I did a quick search and didn't find it here on the boards so my apologies if it has already been posted but here goes:

*SHSK'H*

The SHSK'H Netlabel was created in 2007 in New York by the musicians Jody Pou and Igor Ballereau with the purpose of promoting their work through exclusive recordings to be found on the site, shskh.com.

SHSK'H is also an audio-gallery of diverse music. We promote the work of other musicians by commissioning new pieces from composers and by producing personal recording projects by selected musicians of many different styles. These works, again, are exclusive to shskh.com and are not distributed anywhere in disc format.

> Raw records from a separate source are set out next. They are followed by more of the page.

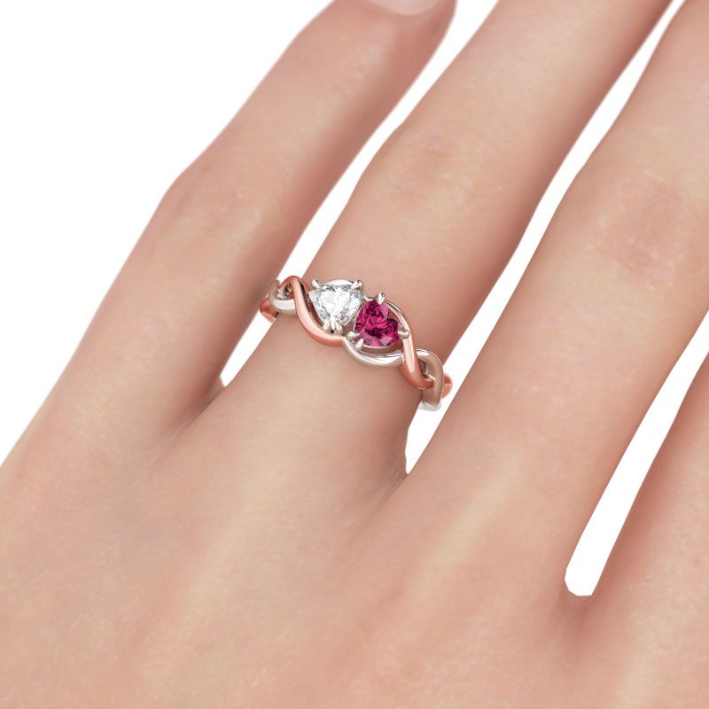 Delicate and meaningful, this ring honors your love. Crafted in two tone sterling silver, two heart-cut center stones are set on a two tone twisting shank. The two hearts stands for your loved one and yourself. You two hug and support each other. Treat yourself or surprise her with this masterpiece this holiday.
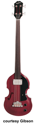 EB-1 (MODEL EBB1) | - viola-shaped mahogany body, bolt-on mahogany neck, painted on f-hole, 32 in. scale, 20-fret rosewood fingerboard with pearl dot inlay, fixed bridge, blackface peghead with screened logo, 2-per-side tuners, chrome hardware, raised black pickguard, chrome-covered Sidewinder humbucker pickup, volume/tone controls, available in Red Brown Mahogany finish, mfg. 1998-2000. |
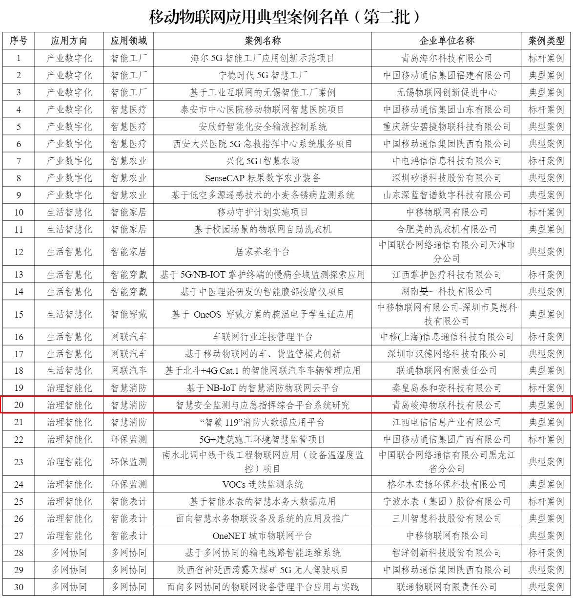 2023年11月30日,國家工業和信息化部在其官方網站對2023年《移動物聯網應用典型案例名單(第二批)》進行公示,經地方推薦、案例入庫、考察實施和專家評審等環節,從100個入庫案例中遴選出10個標桿案例和20個典型案例,共計30個移動物聯網應用案例。其中,峻海物聯在智慧消防領域的“智慧安全監測與應急指揮綜合平臺系統研究”成功入選典型案例。
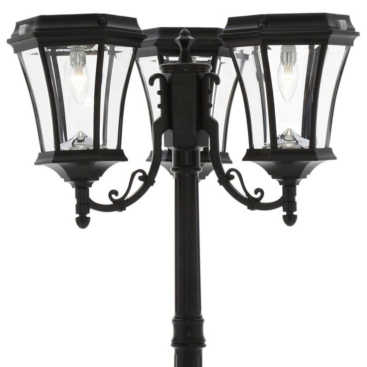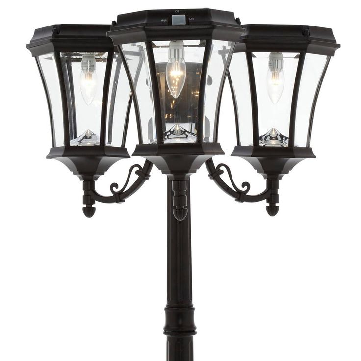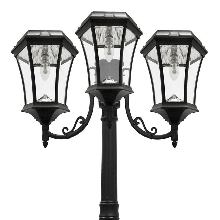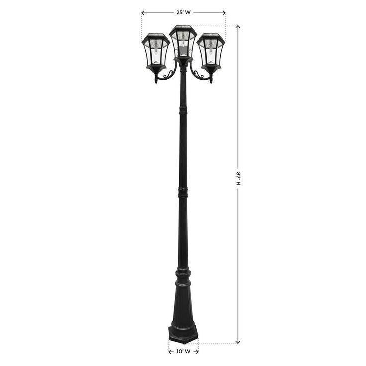 The Gama Sonic Victorian Bulb GS-94B-T Triple lamp heads is a rust-resistant, cast aluminum, solar lantern, which features an attractive 19th-century lamp design and has now been integrated with our latest revolutionary technology: a patented outdoor Solar LED Light Bulb providing 150-Lumens on a full charge. Standing 90 in. tall with a powder-coated black finish and beveled glass pane, the Victorian GS-94B-T solar lamp post will add style and distinction wherever it's installed. Easy to install and providing ample light to illuminate your pathways, this solar light is the perfect energy and money-saving replacement for electric or gas-powered outdoor lighting. Key Features and Benefits: 3-light Lamp Post No Electrical Wiring for Installation Fully solar powered lights Rust Resistant Solar Post Light New Patent Pending LED Solar Bulb Technology: Each Bulb Provides 150-Lumens of powerful light on a full charge. (450-Lumens total) Economy mode switch extends nightly light duration Patented cone reflector enhances the glow and multidirectional light dispersal Integrated Lithium Ion battery pack lasts for approximately 3 years (roughly 1000 charges) and can be replaced for additional 3 years of operation. Please note that it is highly recommended to secure this Gama Sonic lamp post base into a solid surface such as concrete or wooden patio (bolts included). WARNING: Gama Sonic solar light bulbs are not to be used in electrical sockets or in other company’s solar products.
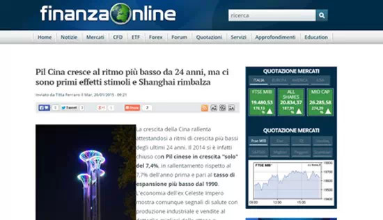 意大利財經在線網站1月20日發(fā)表文章稱雖然2014年中國的國內生產總值是24年來最低,但工業(yè)生產、零售業(yè)和股市都釋放出健康和積極的信號。
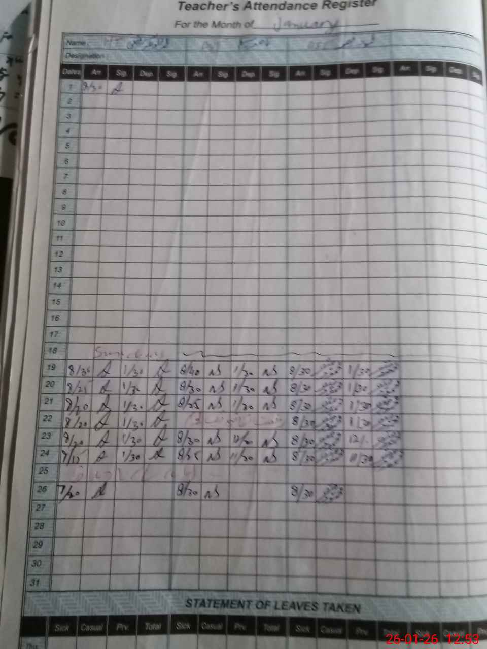 | 36**** | Hs**** | CHAUKIDAR | 0 | 30 | 0 | 0 | 0 | 0 | 0 | 0 | 0 | Absent (Un-Authorized) | |
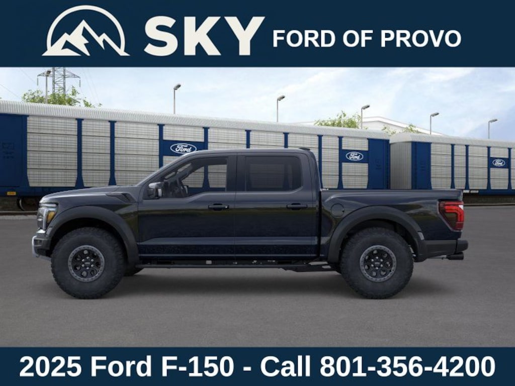 This 2025 Agate Black Metallic Ford F-150 Raptor 4WD is well equipped and includes these features and benefits: 4WD, 14 Speakers, 17" Cast Aluminum Wheels, 4-Wheel Disc Brakes, ABS brakes, Adjustable pedals, Air Conditioning, Alloy wheels, AM/FM radio: SiriusXM with 360L, Auto High-beam Headlights, Auto tilt-away steering wheel, Auto-dimming door mirrors, Auto-dimming Rear-View mirror, Automatic temperature control, Brake assist, Bumpers: body-color, Compass, Delay-off headlights, Driver door bin, Driver vanity mirror, Dual front impact airbags, Dual front side impact airbags, Electronic Locking w/4.10 Axle Ratio, Electronic Stability Control, Emergency communication system: SYNC 4 911 Assist, Front anti-roll bar, Front Bucket Seats, Front Center Armrest, Front dual zone A/C, Front fog lights, Front reading lights, Front wheel independent suspension, Fully automatic headlights, Garage door transmitter, Heads-Up Display, Heated door mirrors, Heated front seats, Heated rear seats, Heated steering wheel, Illuminated entry, Lane Departure Warning System, Leather steering wheel, Leather Trimmed Seats, Low tire pressure warning, Memory seat, Navigation system: Connected Navigation, Occupant sensing airbag, Outside temperature display, Overhead airbag, Overhead console, Panic alarm, Passenger door bin, Passenger vanity mirror, Pedal memory, Power door mirrors, Power driver seat, Power passenger seat, Power steering, Power windows, Radio data system, Radio: B&O Unleashed Sound System by Bang & Olufsen, Rain sensing wipers, Rear reading lights, Rear step bumper, Rear window defroster, Remote keyless entry, Security system, Speed control, Speed-sensing steering, Split folding rear seat, Steering wheel memory, Steering wheel mounted audio controls, SYNC 4 w/Enhanced Voice Recognition, Tachometer, Telescoping steering wheel, Tilt steering wheel, Traction control, Trip computer, Turn signal indicator mirrors, Variably intermittent wipers, and Ventilated front seats.

All music on shskh.com is free. You do, however, have the opportunity to participate in the development of these projects by choosing to pay the sum of your choice for the works that you download, if you so desire. You will find the Contribute button under the Download Album tab for each Volume.
These funds will go exclusively toward new productions by the company and will help us continue to nourish this site.

In order to be kept informed of future releases, we encourage you to join the mailing list, which can be found on the Contact page. We fully respect your privacy and will not sell or share your personal information with anyone.

Thank you for your support!

All recordings on shskh.com are licensed under a Creative Commons Attribution-Noncommercial 3.0 United States License.

http://shskh.com/www/

Some great stuff over there! Big fan of Igor Ballereau & Kenneth Kirschner their works


----------